I have just read Jane
Williams’ The Merciful Humility of God. It is a great reminder, in so
many different ways, of how God loves and values us and how God wants us to
recognise that. The very title of the book, including mercy and humility, is a powerful
reminder that God’s approach is very different from what we find elsewhere. She
uses the image of the shepherd to remind us of this, and it is worth our
remembering that shepherds would have been regarded as outcasts.
“God
has always had a soft spot for shepherds, from David onwards, and the child
whom the shepherds came to worship grew up to describe himself, quite often, as
one of them, preferring that description to ‘king’ or ‘messiah’. There is
something about shepherding that lies close to the heart of how God works;
shepherds feed and care for sheep, who can give them little in the way of
understanding or affection in return; shepherds protect the weak sheep against
the strong predators all around; shepherds risk their own comfort and safety
for the sheep. No wonder God invites them to Bethlehem.”
She carefully and
rightly reminds us not to go with expectation. Too often we get caught up in
thinking how things should be and we use our conventions. The book carries a
clear warning against that.
“God’s
activity may sometimes look wasteful, inefficient or even lacking in potency.

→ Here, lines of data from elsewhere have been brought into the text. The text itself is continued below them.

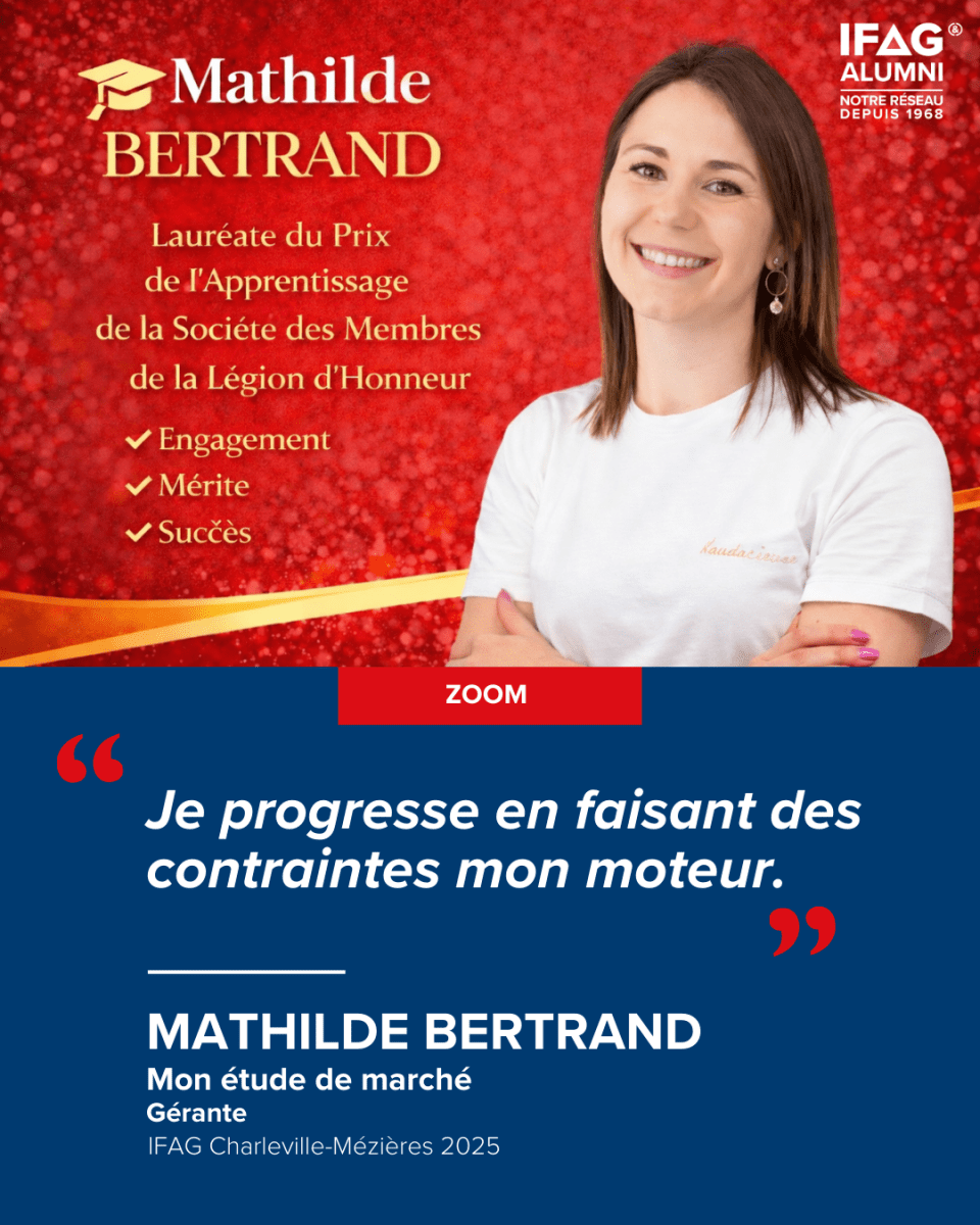 [ZOOM]💡 Et si la résilience était l’un des vrais marqueurs du leadership ? Reprendre ses études à 23 ans, déjà mère d’un enfant, suivre un parcours en alternance du BTS au Master, créer son autoentreprise en parallèle, combler des lacunes académiques, grâce à son implication scolaire et des cours du soir, tout en menant une seconde grossesse durant son Bachelor : c’est dans ce contexte intense que Mathilde Bertrand (IFAG Charleville-Mézières 2025) a construit progressivement son leadership distingué par le Prix de l’#apprentissage décerné par la Société des Membres de la Légion d'Honneur (SMLH). 🔧 Observer, proposer et améliorer l’existant Dans le cadre de sa formation, enceinte de son deuxième enfant, elle conçoit un questionnaire de satisfaction via un QR code, imprimé sur des cartes à destination des commerciaux. Utilisé lors d’échanges dédiés avec les clients, l’outil est adopté immédiatement et reste en usage aujourd’hui. Un #leadership de terrain, construit en osant proposer. 🧠 Créer de la valeur dans des environnements complexes Son rôle : structurer la communication et mobiliser des industriels autour de programmes de 4 ans, en créant le lien entre expertise scientifique et enjeux business. Pour y parvenir, elle crée un livret explicatif à destination des différents profils et sollicite l’aide des professeurs de l’IFAG. Ce livret est valorisé par Interreg, qui en propose ensuite le format à d’autres projets. 🚀 Ancrer durablement ses compétences dans l’action Elle obtient le statut d’étudiante-entrepreneure via l’incubateur Rimbaud'Tech qui l’accompagne dans la structuration de son activité et développe une approche locale fondée sur un diagnostic territorial. La jeune diplômée de 28 ans s’est illustrée lors de la cérémonie de l’innovation de Rimbaud’Tech en remportant le concours ID’ALL, dédié cette année à "L’audace ardennaise en action". Elle a séduit le public grâce à une vidéo authentique et engagée. 👉 Quelles épreuves t’ont le plus appris en matière de leadership ? Dis-le-nous en commentaire 👇 |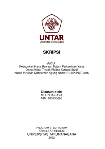 Ijaya, Melinda (2022) Kedudukan harta bawaan dalam perkawinan yang disita akibat tindak pidana korupsi Studi kasus putusan Mahkamah Agung Nomor 1948 K/PDT/2015. Skripsi thesis, Universitas Tarumanagara.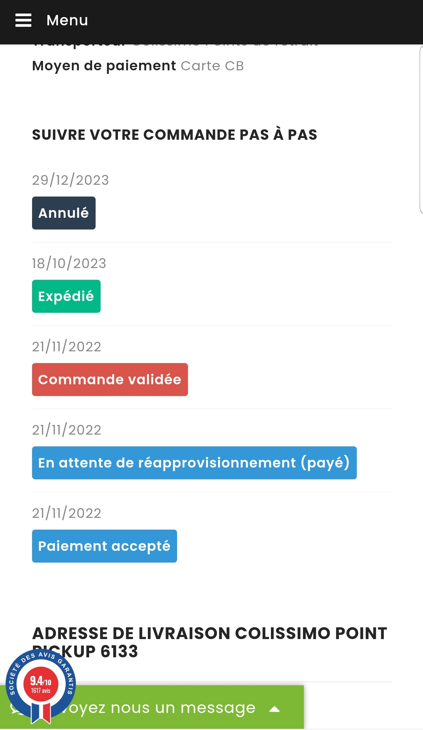 J'annule ma commande par téléphone, le jour d'après, pour cause d'erreur de ma part. La société me rembourse, impeccable!!

,,,, God’s timescale may not be ours, but that means that we have something to
learn, rather than that God should change. …. God’s action is sometimes
spacious, slow and hard to comprehend in its apparent lack of force, but it
seems that God is to be trusted. God may work quietly, humbly, apparently at
the mercy of greater forces and even accidents of history, but this is still
God at work, and love is still God’s meaning.”
“Almost
the first thing Jesus does at the start of his ministry is to gather around
himself a disparate group of friends, and to start to offend the people who
might have been able to promote his agenda. He seemed to have a clear strategy,
but one that is baffling by most ordinary standards.”
She reminds us that the
world’s standards and expectation will send us in the wrong direction. It may
not fit with what anyone is likely to expect but, actually, God’s different way
sets things up as they should be.
“To
hate is to be shaped by what is hated; paradoxically, it gives power to what is
hated to continue to shape life and choices. …. Whereas forgiveness brings
freedom and new possibilities.”
“The
humble God makes the world bigger, because God’s humility notices and includes
those who do not fit the dominant narrative of the world. Those who will never
be ‘successful’, as success is commonly measured, ‘succeed’ in being loved by
God.”
“In
Jesus, we see God’s humility lived out in the world, not claiming power or
prestige or approval or safety; and we come to discover that this is a mercy
and a blessing for us. We no longer have to be measured by failure or success,
and so to face the fact that we all fail.”